Along the way he meets a variety of people. This offers some of Hollywood’s best and brightest a chance to be seen in the film. These cameos spotlight Phillip Seymour Hoffman, Gena Malone, Natalie Portman, Giovanni Ribisi and Eileen Atkins. The interludes also cut into the flow of the film and make it seem choppy and erratic.
At home Ada is doing her best to hold her farm together. She finds help in the person of Ruby (Zellwegger), a rough mountain girl who can do the work of any five men and has common sense to boot. Zellwegger is perfect in this role and steals the film away from Law and Kidman.

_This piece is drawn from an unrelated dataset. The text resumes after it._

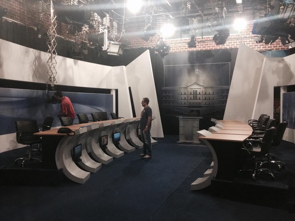 Το στούντιο 1 της ΕΡΤ είναι έτοιμο: Στο σκηνικό του debate -που ελάχιστες αλλαγές θα έχει από εκείνο της τηλεμαχίας που διεξήχθη έξι χρόνια πριν- πραγματοποιούνται οι τελευταίες εργασίες. Δοκιμαστικά στα φώτα, τις κάμερες, στη μείξη ήχου, στην καθαρότητα της εικόνας.

Law is fine as Inman and Kidman is satisfactory as Ada but the two never click on screen. All the passion that should be there isn’t, and what is shown is surely not enough to sustain a man on an endurance trek through the cold and snow.
The relationship between Ruby and Ada is more believable than the one between Inman and Ada. This is because Zellwegger and Kidman play off each other with ease and assurance. They compliment each other in looks and acting style.
The movie is rated R for violence and nudity.
Frazier’s book had many, many fans and those people should love this movie. But for those who thought the book was too episodic and too depressing, the movie should have the same effect. Inman spends most of the movie slogging through the muck and mud and with very little payoff in the end. A tacked on happy ending feels forced and contrived.
I scored “Cold Mountain” an alp-ish 6 out of 10.